AMD all the waaaaaaay!


----------



## AshenSugar (Oct 26, 2006)

Ketxxx said:


> owned
> 
> on a serious note, well detailed.



thx, people sometimes are known to say im wrighting books not posts, but in this cases i think it was needed.

and i went into as much detail as possable, dispite it taking alot of extra time to get sorces or stuff like that pci cpu card(the companys long since died out)

i would kinda like to see somebody creat a card with an exrta cpu on it, not to take over for the main one, or to smp with the main one, but designed to allow the cpu to offload some tasks such as phsycs or whatnot onto an upgradeable cpu, would be intresting to see imho.

and as i said, i dont hate intels newer chips, anything p6 based is decent/good(pentium pro is the p6) nutburst on the other hand is total crap and should never have happened.

and intels support is still quite painfull for some from what a local shop owner told me this morning, hes bee waiting 6 weeks for a replacmet chip for an e6300 sysete because they are out of them at support, and they are not willing to send him an e6400 or 6600 because thats not what he sent back dispite them having had them both in stock and shipable when hes asked.

meh, maby intel will learn when us OEM's(we build for people so yes we are technicly small oems ourselves) stop selling intel stuff because its so hard to get service on.


----------



## Polaris573 (Oct 26, 2006)

AshenSugar said:


> ....the fact that every time they change cores you gotta buy a new board.



There are socket 478 Prescotts.


----------



## b1lk1 (Oct 26, 2006)

Sure, AMD says no new mobo for future CPU's, but the S939 was also not supposed to die so quickly as well.  I wouldn't hold my breath that AM2 will last much if at all into K8L.


----------



## zekrahminator (Oct 26, 2006)

I'm not really commenting about socket life, more from personal experience.

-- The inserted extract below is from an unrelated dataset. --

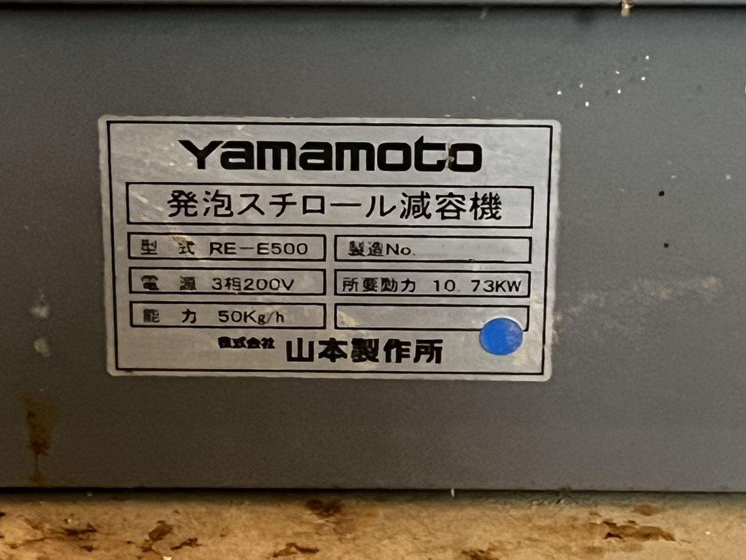 ・品名:山本製作所製 発泡スチロール減容機 ・メーカー:山本製作所 ・型式:RE-E500 ・年式:不明 ・電源:3相200V ・能力:50㎏/h ・動作確認可能 |

I'm typing this from a 6 year old P3 Coppermine, and my A64 has been through quite a lot (dead motherboards, light overclocking, cooked power supply) and it keeps working as good as the day I got it . In short, both proccie companies know that they have to be very competitive, or else they're bankrupt. Which keeps me *very* happy.


----------



## AshenSugar (Oct 26, 2006)

b1lk1 said:


> Sure, AMD says no new mobo for future CPU's, but the S939 was also not supposed to die so quickly as well.  I wouldn't hold my breath that AM2 will last much if at all into K8L.



they moved from 939 because ddr is dead, ddr2 is a the future, it had 2 years and MANY MANY MANY cores/chip revisions.

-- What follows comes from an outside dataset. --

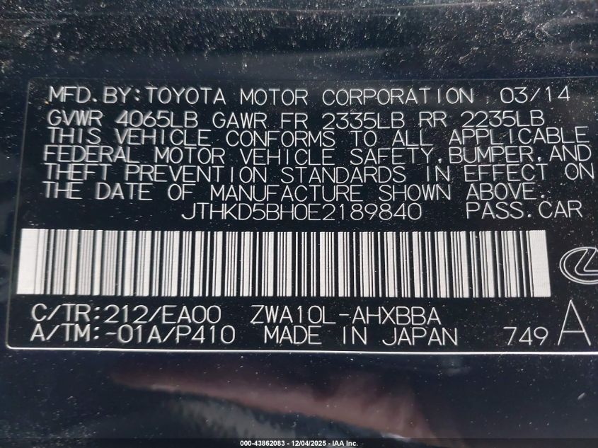 2014 LEXUS CT 200H 2014 року Гібрид, 1.8, Передній привід, vin - JTHKD5BH0E2189840 з США

and AM2 may not last "much past k8l" but am3 chips will run in am2 boards, amd has made it clear this is set in stone, am3 chips will support ddr3 and ddr2, just not on the same board ad the same time(tho i would bet you asrock and ecs make boards that let you use ddr2 till u deside to buy ddr3  )

again, amd designed am2 to last, am3 is just goning to be a move to ddr3, nothing amd folks need worrie about really.

there will be an am2+ socket that supports ht3 specs, BUT you dont NEED ht3 to use these chips, as any overclocker can tell you lowering the HT from 2000 to even 1200 dosnt effect perf even in high end dual core overclocks at 3+gz, ht3 is future proofing for even more complex cores, but new chips will work in older boards and be OFFICALY SUPPORTED doing such.
barcelona is k8l, beyond k8l there are other cores planned for am2/am3(im guessing they will just remove a pin to make am3 sockets not accept am2 chips, eather way, sall good, im happy, 3-5 years without being FORCED to get a new board(though in 3 years i may reaplace the board if overclocking requiers it) but the board will still beable to take new chips and would likely endup in a backup system 

EDIT: as a friend of mine just said, think of am2 as amd doing you a favor and keeping you from having to buy  extreamly expencive ddr1 ram now that companys are stoping production on it and moving to ddr2/3/4


----------



## Grings (Jan 4, 2007)

traditionally amd sockets lasted longer, but the on board memory controllers have stopped that for now as 754 was superseded(not dropped mind) by 939 which give credit took dual cores when they arrived, but was dropped to get ddr2 support(am2)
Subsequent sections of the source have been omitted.